At this stage, cereals can be fed after a nursing session, not before. In this manner, your baby fills up on breast milk, which can be the major source of your baby’s nutrition until your baby turns 1.
When your baby gets the dangle of eating the first cereal, you can now start introducing a variety of other foods like vegetables, beans, puréed fruits, lentils or yoghurt. Observe your baby well for a few days until introducing new foods while ensuring your baby doesn’t have any allergic reaction.
Many experts recommend to introduce common food allergens to babies when they’re 4-6 months old. This consists of babies with a family history of food allergies. In the past, they used to believe that babies should not consume such foods like peanuts, fish or eggs until after their first birthday. But according to the recent studies that advocates waiting till longer periods could make your baby likely to start developing food allergies.
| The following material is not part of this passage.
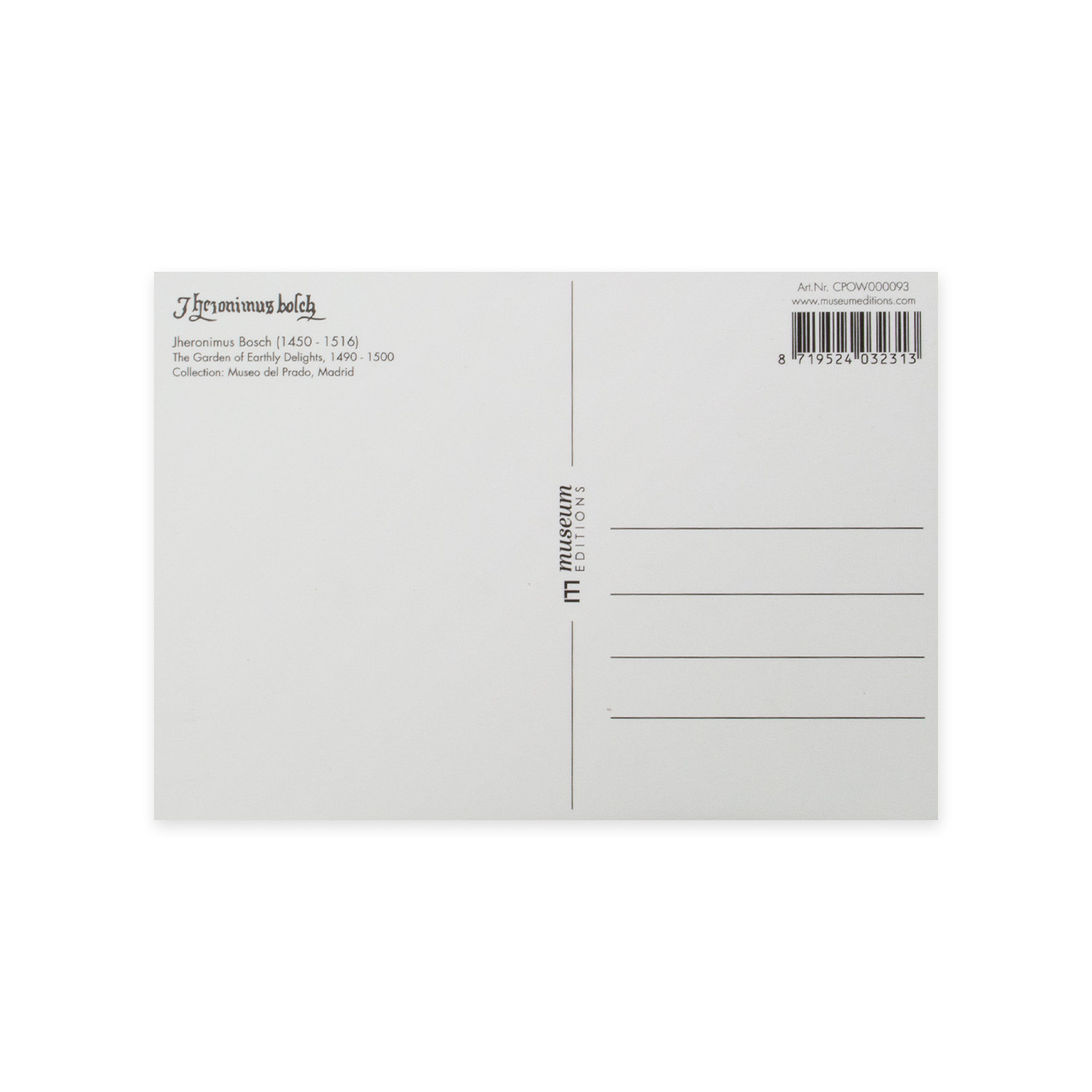 Postal, 10x15 cm, Jheronimus Bosch, Jardín de las delicias 4

You can offer these foods to your baby as your baby starts eating cereals or solids. Ensure that they’re served in different forms that your baby can easily swallow. You can try adding a small amount of peanut butter mixed into fruit purée or yogurt, or a soft scrambled eggs.
Fruit juices are a strict no-no to babies. There is no benefit to give them juice, even to older babies. Juice can make their tummies full or leave a very little space for more nutritious food or promote obesity in them, cause diarrhea and even put your baby at an increased risk of developing cavities when the teeth start coming in.
So, don’t be in a haste of introducing cereal into the diet of your baby even though you find your baby growing older. Consult a doctor and then plan to add prescribed cereals in your baby’s diet. At last, good health of your baby shows the better signs of you being a good and responsible parent.